* [YOUR INSTRUCTIONS]: Reproduce exactly, and only, the lines below from the one containing "Рис.2.9. Графическое представление" through the one containing "リフト乗り場まで、気持ちのい".

* [SUPPLIED RECORDS]:
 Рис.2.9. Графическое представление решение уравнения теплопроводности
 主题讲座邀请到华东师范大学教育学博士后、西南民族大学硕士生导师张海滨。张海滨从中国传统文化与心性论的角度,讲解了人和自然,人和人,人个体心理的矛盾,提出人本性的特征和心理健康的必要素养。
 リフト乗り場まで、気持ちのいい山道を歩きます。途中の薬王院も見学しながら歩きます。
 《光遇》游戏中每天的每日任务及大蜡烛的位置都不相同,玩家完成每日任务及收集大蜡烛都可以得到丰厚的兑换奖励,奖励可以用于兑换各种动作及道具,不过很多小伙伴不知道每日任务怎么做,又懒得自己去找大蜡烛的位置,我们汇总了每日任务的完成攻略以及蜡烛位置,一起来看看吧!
...
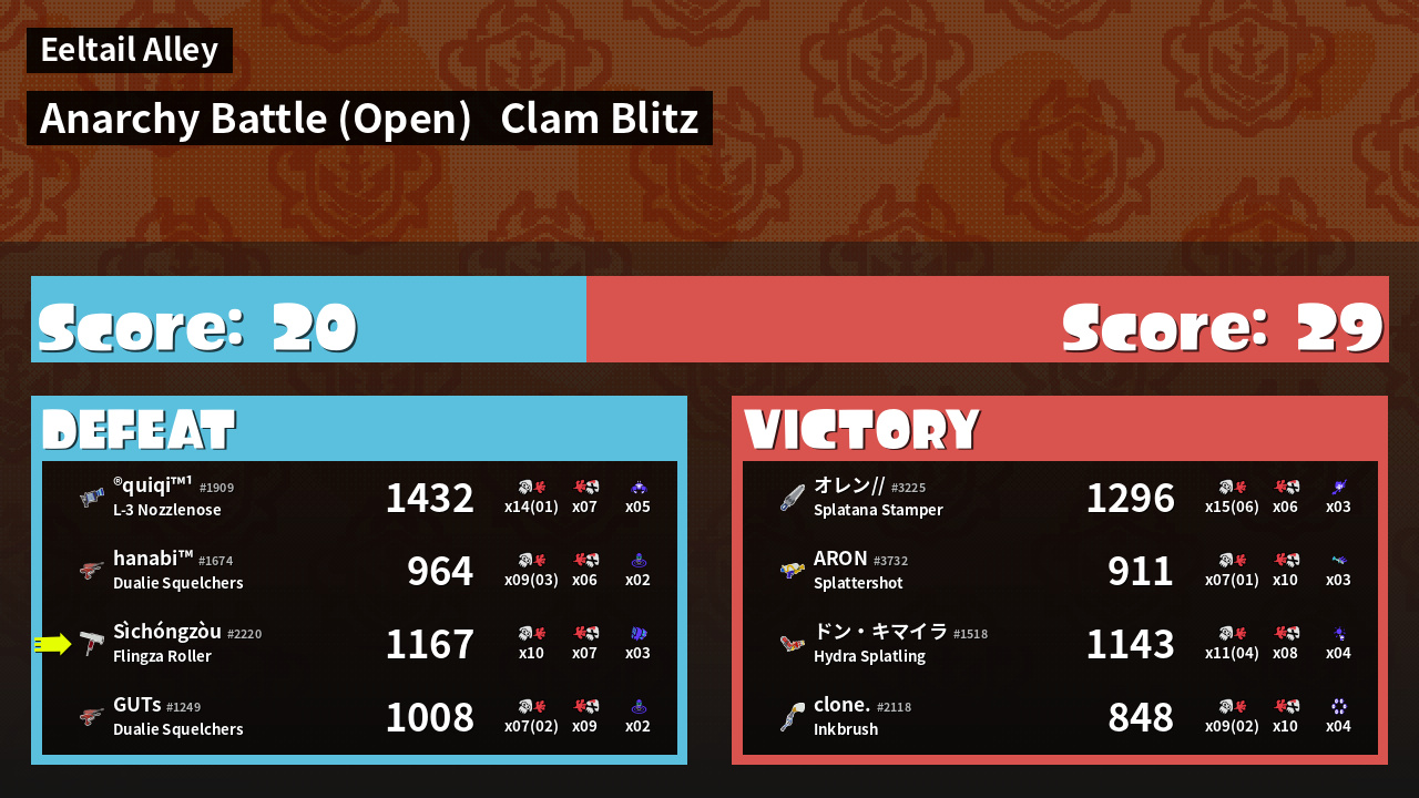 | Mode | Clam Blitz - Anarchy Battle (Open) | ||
==
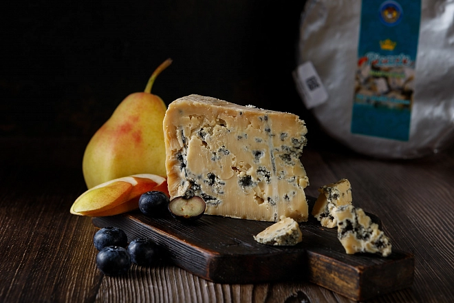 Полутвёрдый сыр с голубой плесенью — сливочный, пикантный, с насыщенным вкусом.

* [TASK RESPONSE]:
 Рис.2.9. Графическое представление решение уравнения теплопроводности
 主题讲座邀请到华东师范大学教育学博士后、西南民族大学硕士生导师张海滨。张海滨从中国传统文化与心性论的角度,讲解了人和自然,人和人,人个体心理的矛盾,提出人本性的特征和心理健康的必要素养。
 リフト乗り場まで、気持ちのいい山道を歩きます。途中の薬王院も見学しながら歩きます。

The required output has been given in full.